I am attempting to ream out a hole in a bronze bushing for a 3/16in shaft to run free inside it. (shaft is 0.1875in, hole is being reamed 0.1885). I have used these clearances successfully in the past on several applications for shafts.

First, when reaming this bronze, I am using regular cutting oil and running the lathe at 1200RPM. This came from the speed/feed chart in the shop. I find that when I put the reamer in, the cutting oil immediately burns off, leaving a black coating on the end of the reamer which smokes for about 30 seconds before being cool enough to touch. Even after I reamed the holes through (eventually ended up doing it dry), they are now still too small to fit my shaft through. 

I will most likely end up putting them on the mill and running the reamer up/down ten or so times through the holes to loosen them a bit. However, I just wondered if there is some special technique I need to be using when reaming on the lathe or when working bronze ??


----------



## f350ca (Apr 23, 2011)

1200 rpm seems awfully fast for reaming. You can ream that fast but heat build up as you saw is going to kill your reamer.
A trick I use to over ream a hole might help you. Place a piece of shim stock, the thickness you want to enlarge the hole over one of the flutes. In this case .001 inch? As you run the reamer in the shim stock will force the reamer over that much and make the one flute do all the cutting. Works really well for me.
Greg


----------



## Jasonb (Apr 23, 2011)

Sound way too fast to me at that size I would be going at 100rpm or less.

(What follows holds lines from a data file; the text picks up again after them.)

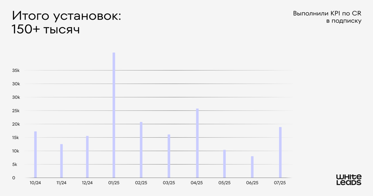 Кампанию начали по модели CPA с оплатой за подписки: на тестовых объёмах удалось достичь целевой стоимости. Однако аналитика показала, что при масштабировании сохранить такой уровень цены невозможно.
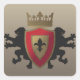 Mediaeval Lion Heraldry Stickers. A Coat of Arms design featuring twin lions, a shield, a crown, and a flir-de-lis. All of which were very symbolic during the mediaeval ages in Europe. Heraldry had depictions of powerful creatures, such as lions, dragons, and griffins, on their armour and weapons. It was a way to identify combatants on the battlefield.
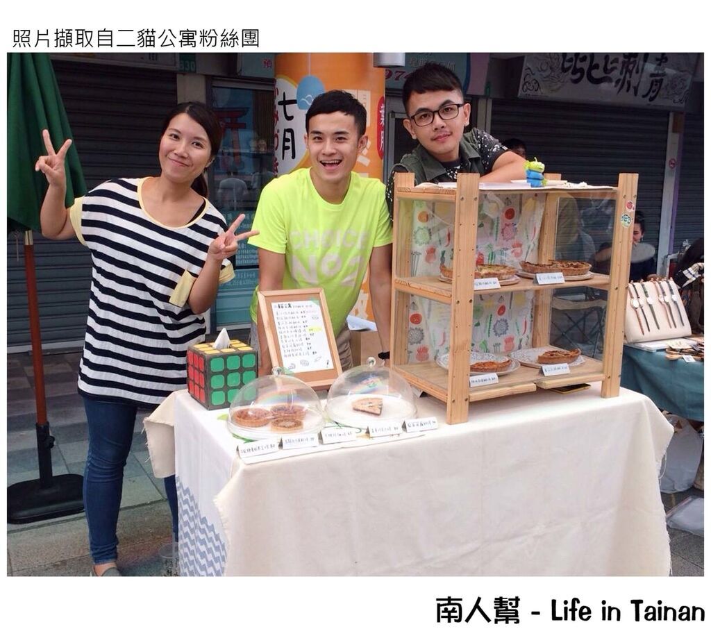 『二貓公寓』是位於安平的一家烘焙工作室,平常在確認訂單後才開始手工製作,所以基本上是三個工作天才能夠吃到,但想不到在這個市集就可以現場買到,因為二貓公寓會到現場擺設,他們家的強項是鹹派和甜塔為主,最讓人印象深刻是辣味香腸鹹派和藍莓波蘿酥塔,好期待小編愛的這兩樣也會出現在當天的市集,就讓我們拭目以待吧!
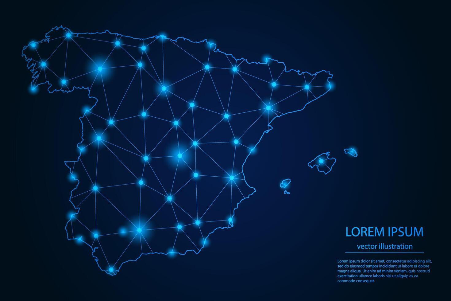 Abstract image Spain map - With Blue Glow Dots And Lines On Dark Gradient Background, 3D Mesh Polygon Network Connection. Pro Vector
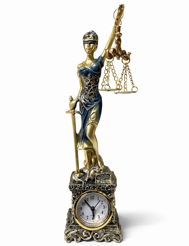 Adalet figürü ve entegre masa saati
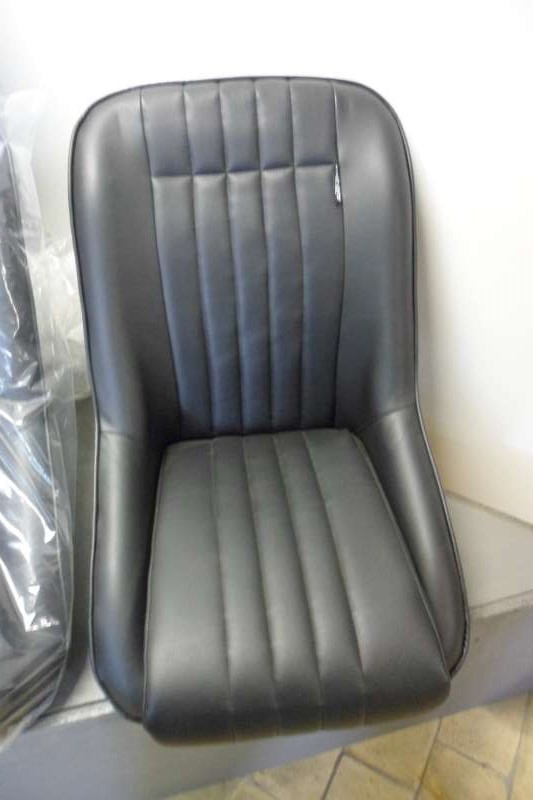 Sportstoelen classic/retro look met vaste rugleuning, niet verstelbaar. Zwarte skai. Breedte vooraan zitting: 50 cm. Breedte achteraan zitting binnenmaat: 33 cm. Breedte rugleuning bovenaan: 47 cm. Diepte zitting buitenmaat 48 cm en hoogte rugleuning 60 cm. Inclusief universele rails. Set van 2 zetels (uitverkocht maar komen terug binnen)
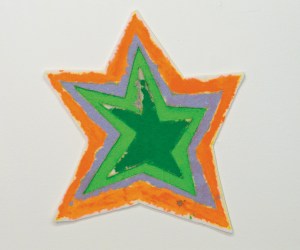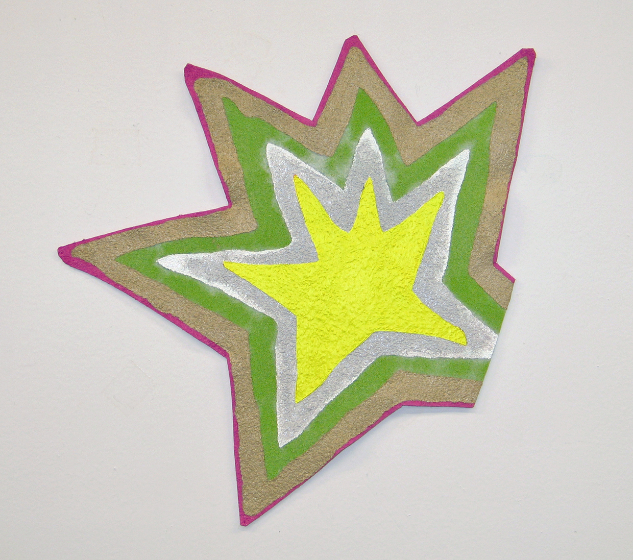 Star 1, acrylic, fluorescent acrylic, metallic acrylic, marker on felt and canvas, 12 x 10.5 inches
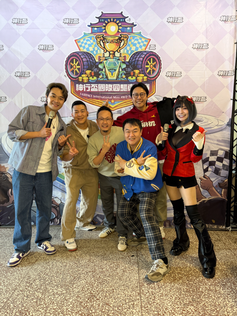 ▲ (由左至右)柯大堡、草爺砸重金,斥資七位數,舉辦第一屆「神行盃國際四驅車大賽」文化總會秘書長李厚慶、youtube「看你老墓」司徒建銘、港仔台爸張啟樂、郭鬼鬼都前來力挺。(圖:紅心字會)
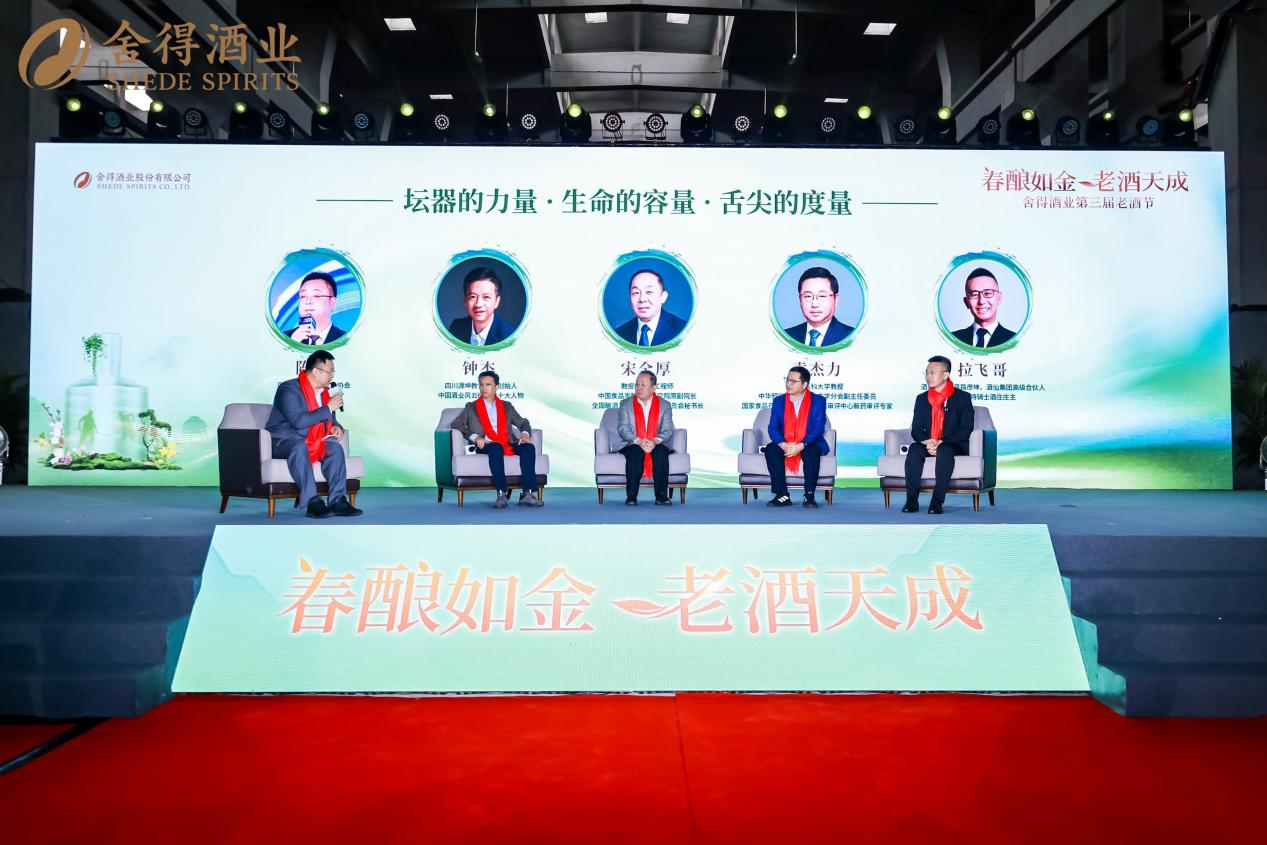 在四川中国白酒金三角酒业协会副秘书长陈雷主持下,全国白酒工业标准化技术委员会秘书长宋全厚,中国著名白酒专家、源坤教育创始人钟杰,大连医科大学教授袁杰力,酒仙集团高级合伙人拉飞哥四位各领域的专业人士,以“坛器的力量 生命的容量 舌尖的度量”为主题,从专业角度讲述老酒故事,辨析坛储老酒的品质价值,探讨如何用科技为老酒品质保驾护航,让更多消费者体验舍得老酒的独特魅力。

What size did you drill? you only want to be removing 2-3 thou with teh reamer.

Jason


----------



## Foozer (Apr 23, 2011)

Seems to fast, when I was, I grabbed a slow motor (300rpm) to ream with. Those times when I needed the hole just a tad, say 0.001 larger than an available reamer, laying a toothpick in one of the flutes prior to reaming would do the trick.

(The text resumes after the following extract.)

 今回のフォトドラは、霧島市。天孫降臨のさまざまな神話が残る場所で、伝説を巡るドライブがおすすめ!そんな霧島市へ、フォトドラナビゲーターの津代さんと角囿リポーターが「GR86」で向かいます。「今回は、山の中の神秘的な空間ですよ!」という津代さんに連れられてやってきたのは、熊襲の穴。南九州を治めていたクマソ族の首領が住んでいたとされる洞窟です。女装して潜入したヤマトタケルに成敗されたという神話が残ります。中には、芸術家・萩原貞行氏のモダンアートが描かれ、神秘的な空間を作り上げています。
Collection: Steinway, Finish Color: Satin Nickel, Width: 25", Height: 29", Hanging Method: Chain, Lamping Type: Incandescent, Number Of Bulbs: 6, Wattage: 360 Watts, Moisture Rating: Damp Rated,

Spinning them to fast just burned the tips dull which meant going to a first OS 0.202, small oops. Second OS 0.218, bigger OOPS up to an including a red faced full over 0.247. Slow and easy...

Robert


----------



## gbritnell (Apr 23, 2011)

Several things. Brass and especially bronze require an extremely sharp cutting tool so if yours is worn at all it won't cut. Second, you never need to use a cutting fluid for brass or bronze. Even though it's a cutting type fluid it makes it that much harder for the flutes on the reamer to cut the metal. Lastly, if you are only taking .003-.004 with the reamer it will tend so skate over the surface. Allow a little bit more material for the final reaming. And yes your rpm is too fast. I would say somewhere around 500 should be good. 
gbritnell


----------



## dvbydt (Apr 23, 2011)

A few pointers - it depends on what spec bronze, did it drill OK, if so, it should ream. Machine reamers only cut on the front chamfered end, they are barrel ground on the O.D. If you wish to make a machine reamer cut oversize, run a sharp tungsten tool along the flutes so as to raise a slight burr on the OD of each flute. This is only a temporary measure, but might get you out of trouble. Hand reamers, usually with a square driving end, have a long taper on the flutes at the front. These cut on the flutes and are pretty useless on a lathe. If you have a cutter grinder it is worth sharpening the front of a machine reamer but not a hand reamer they never seem to cut how you want them.

Hope this helps,

Ian


----------



## jtrout13 (Apr 23, 2011)

To ream at 0.1885, I drilled at 0.1710, which is 1/64in undersize (the closest drill I have).. So you guys recommend reaming at much slower speeds than drilling? I drilled at 800 RPM and thought I needed to go faster to ream it, for some reason. I've been having inconsistent results with all my reaming, so I'd like to get this straightened out.


----------



## MachineTom (Apr 23, 2011)

Did you mic that 3/16 shaft, Is it really .1875. Most round stock will be +/-.001 at that size, If Ground and polished -.0005 +.0000 if sold as shafting often with keyway -.001 undersize.


----------



## Ken I (Apr 24, 2011)

You ream at much slower speeds than drilling typically 1/3 - 1/4 normal sfm - also relatively higher feed rates (since you have 6, 8 etc. flutes cutting an once).

You should have no trouble reaming bronzes - even aluminium bronze as long as your reamer is sharp and you don't feed too slowly (work hardening / rubbing problems).

If you get smoke whilst reaming (other than the odd wisp) - you're doing something wrong.

1200 rpm way too fast - 300-400 recomended.

Ken


----------



## Ned Ludd (Apr 24, 2011)

Hi Ken,
If you are taking out 1/128in you will have to be very careful that the flutes are not getting stuffed full of swarf. As you can imagine the slightest excess will cause the reamer to rub and not cut which will just generate heat and soften your reamer, which is most likely made of carbon steel. A hand reamer can be used in a lathe or mill but try to remember that they are normally turned at "hand speed" not machine speed. Oh and clear the flutes every few turns.
Ned


----------



## Ken I (Apr 24, 2011)

Ned, Good point about choking the flutes - I'm typically working in metric with 0.1 step drills - nearer to half of 1/128" so I've never really found this to be a problem but of course I still take care.

If the reamer starts to squeeeeeek its time to back it out and not go more than 2/3 of that on subsequent depths. etc. etc.

Regards,
      Ken


----------